Executives at every network agree that an irresistable baseball storyline - with the presence of the long-suffering Chicago Cubs and the legendarily cursed Boston Red Sox - has captivated millions of viewers, who are apparently finding many of the regular offerings on other networks decidedly tepid by comparison.

 

Indeed, a long list of television's most-popular shows, including "Everybody Loves Raymond" on CBS, "ER" and "Law and Order: SVU" on NBC and even "Monday Night Football" on ABC, have shown ratings declines compared with the same period last season on nights when they competed directly with baseball playoffs.

 

The beneficiary of this ratings turnaround is Fox, a network whose entertainment executives were at this very time last October lamenting how postseason baseball was driving down the network's overall prime-time ratings while interrupting the premieres of its fall lineup.

 

"You haven't been able to get any sense of the lay of the land of anybody's schedule this season because baseball is so skewing the numbers," Lloyd Braun, the chairman of ABC Entertainment, which is a unit of the Walt Disney Company.

 

David F. Poltrack, the executive vice president for research at CBS, which is owned by Viacom Inc., added that the already potent impact baseball has had on Fox's competitors may only be heightened if the Cubs were to face the Red Sox in the World Series. With a possible matchup of two teams that have not won a title in nearly a century (95 years for the Cubs, 86 for the Red Sox), Fox might be able to threaten NBC's long hold on the competition among 18-to-49-year-old viewers that those networks consider the definition of leadership in television.

 

"I would think NBC has to be nervous," Mr. Poltrack said. "Baseball could wind up being huge."

 

And this is a sport that was all but written off as a TV attraction after record-low ratings last season. Baseball had performed so badly that Fox's parent, the News Corporation, took a $227 million write-down on its more than $2 billion baseball contract last year.

 

Sandy Grushow, the chairman of Fox Entertainment, acknowledged that baseball has pulled off an astonishing turnaround. "The corporation has obviously taken quite a licking on Major League Baseball in the past," he said. "Now it's time to enjoy the benefits - and enjoying them we are."

 

The first three games of the two League Championship Series brought in almost 50 percent more viewers than last year, 15.7 million to 10.7 million. The other three networks are down on those nights, to an average of 12.4 million from an average of 13.6 million viewers.

 

This flight of viewers comes at an inopportune time.
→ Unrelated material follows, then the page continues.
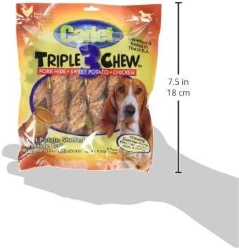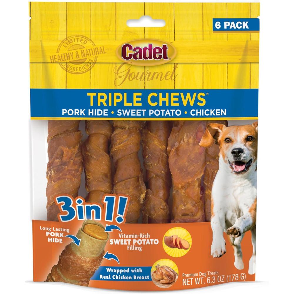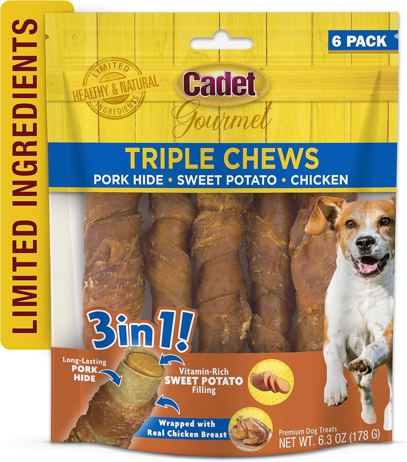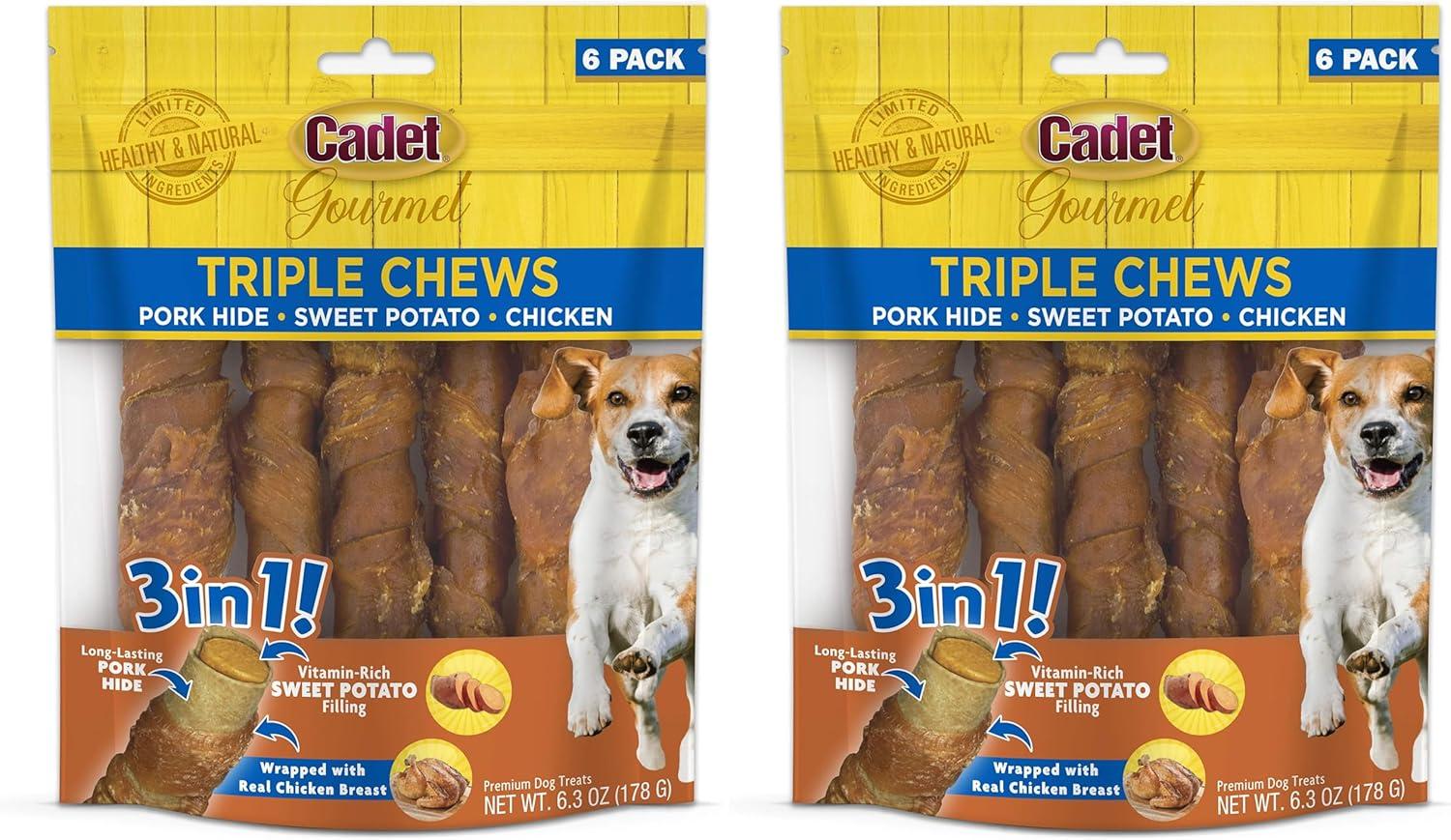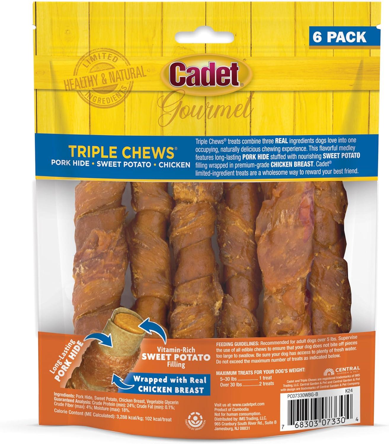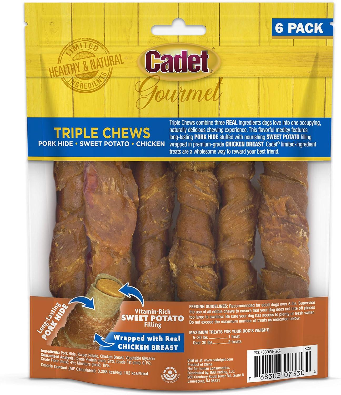 Cadet Gourmet Triple Chews Long-Lasting Pork Hide Sticks with Sweet Potato and Chicken, Healthy Dog Treats for Small & Large Dogs, 6 Count(Chicken)

The networks, which have begun their fall seasons, desperately want to seize the attention of viewers, especially for their new shows. But so far, no new series has given any sign of breaking out as a hit. And executives at the competing networks say baseball is at least partly responsible.

 

"Who knows if one of the new shows might have popped a number if baseball hadn't been in there?" Mr. Braun of ABC said.

 

The show most directly affected so far is probably the NBC drama "Boomtown," which was removed from the network's schedule on Friday nights for at least two weeks. Some decisions about struggling shows are clearly being put off, until more normal competition resumes. That means some new shows may actually have gotten a reprieve from an early termination.

 

One new ABC drama in that category is probably "Karen Sisco," which was pummeled in the ratings last Wednesday night. But ABC does not know whether viewers abandoned the show because they did not like it or because all four teams in the playoffs were in action.

 

"We're getting killed in Chicago and Boston," Mr. Braun said. "And New York and Miami are involved too. That's four big markets where millions of people are watching baseball."

 

The baseball bonanza is not all good news for Fox, according to Mr. Grushow. He said that baseball is not ideally suited to Fox, because its fans tend to be older than Fox's audience. And the disruption in Fox's schedule presents a challenge, he said. Fox had a disastrous fall last year, starting new shows like "Fastlane" and "John Doe" in mid-September only to have to pull them two weeks later, just as viewers were establishing loyalties. The shows never recovered.

 

As a result, Mr. Grushow and the other top Fox entertainment executive, Gail Berman, decided to skip the fall start-up this year. Instead they inserted a new show they had especially high hopes for, "The O.C.," in the summer, to get it sampled by viewers. It fared well - and will now be back after baseball ends.Now that Fox has skipped the fall madness, it will never go back, he said. Will other promising shows be started in summer, and then be held out until after baseball? "You bet," Mr. Grushow said. He added, "We've seen our future."

 

Starting the season later for most of its series - like the returning "24" and new shows like "Skin" - will allow Fox to show four or five original episodes of its shows when the other networks will have exhausted their supply.

 

And with the return of two reality shows that helped the network dominate the second half of the season - "Joe Millionaire" and "American Idol" - Fox has a chance to pass NBC, which is owned by the General Electric Company, for the first time.

 

Mr. Grushow dismisses talk of a potential season win. "NBC will have the finales of 'Friends' and 'Frasier.' That's going to make it extremely challenging," he said. And he emphasized the downside of starting a season in November. That means Fox will face the usual programming stunts from the other networks in a ratings sweep month.

 

But it will be a lot easier for Fox to play out the rest of season after hitting a grand slam in the first inning.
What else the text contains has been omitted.